Transcribe the entries below exactly, starting with the line that has "en ruban vichy" and stopping after the line that has "世界三大涌潮之一,钱塘江大潮"; no pictures belong in the copy.

Dataset records →
»»

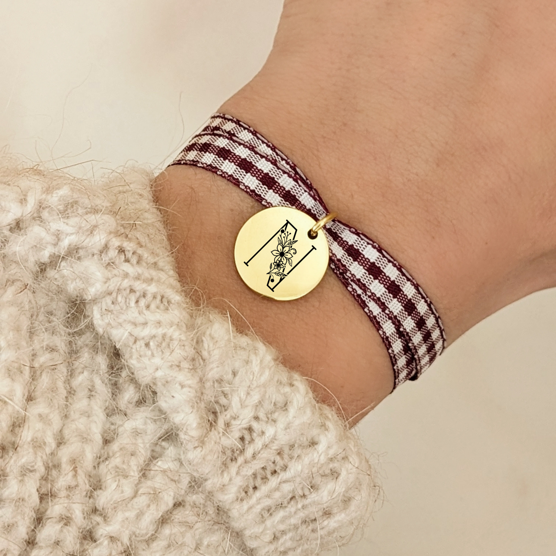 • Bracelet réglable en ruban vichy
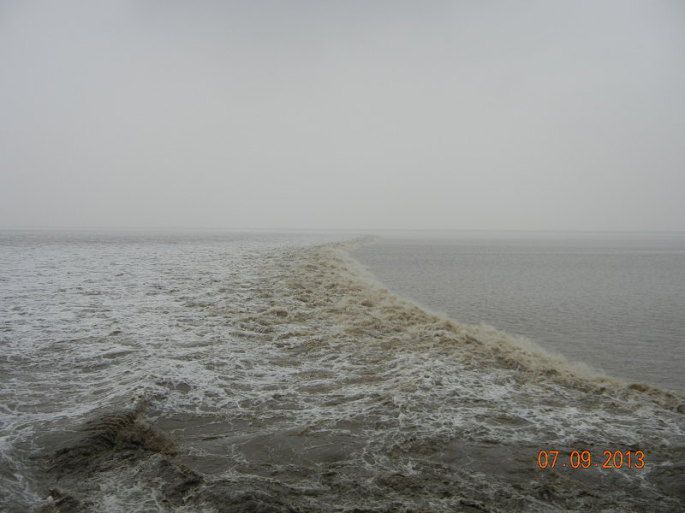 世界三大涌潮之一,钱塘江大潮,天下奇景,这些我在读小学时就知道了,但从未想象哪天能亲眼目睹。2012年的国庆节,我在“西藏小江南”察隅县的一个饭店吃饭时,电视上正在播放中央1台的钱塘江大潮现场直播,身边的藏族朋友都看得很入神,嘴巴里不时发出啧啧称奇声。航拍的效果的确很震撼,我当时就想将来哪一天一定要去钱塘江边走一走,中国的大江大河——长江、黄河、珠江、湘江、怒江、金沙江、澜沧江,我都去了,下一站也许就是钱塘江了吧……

««
»»

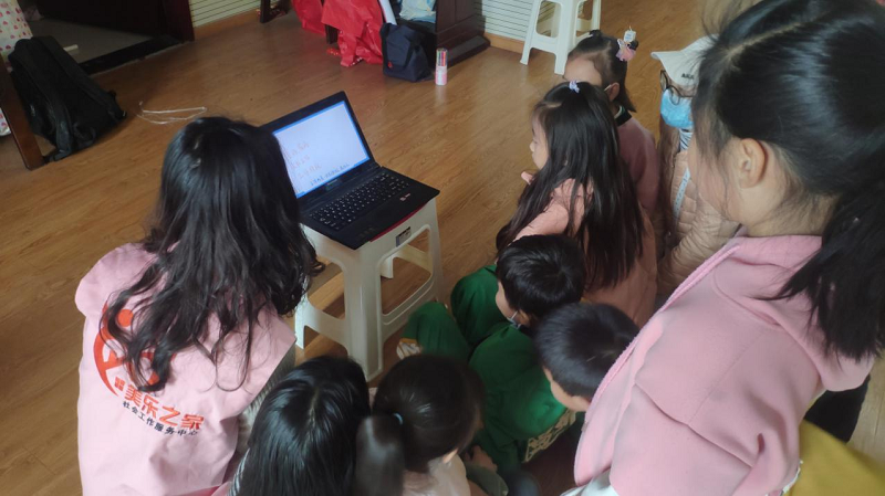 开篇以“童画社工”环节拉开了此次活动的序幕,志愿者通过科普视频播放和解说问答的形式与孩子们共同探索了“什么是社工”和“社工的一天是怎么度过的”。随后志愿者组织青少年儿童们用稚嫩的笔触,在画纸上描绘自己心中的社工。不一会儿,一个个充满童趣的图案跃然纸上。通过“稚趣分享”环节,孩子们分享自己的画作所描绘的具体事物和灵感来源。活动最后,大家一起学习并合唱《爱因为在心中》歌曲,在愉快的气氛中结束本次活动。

««

Solution to this exercise →
 • Bracelet réglable en ruban vichy
 世界三大涌潮之一,钱塘江大潮,天下奇景,这些我在读小学时就知道了,但从未想象哪天能亲眼目睹。2012年的国庆节,我在“西藏小江南”察隅县的一个饭店吃饭时,电视上正在播放中央1台的钱塘江大潮现场直播,身边的藏族朋友都看得很入神,嘴巴里不时发出啧啧称奇声。航拍的效果的确很震撼,我当时就想将来哪一天一定要去钱塘江边走一走,中国的大江大河——长江、黄河、珠江、湘江、怒江、金沙江、澜沧江,我都去了,下一站也许就是钱塘江了吧……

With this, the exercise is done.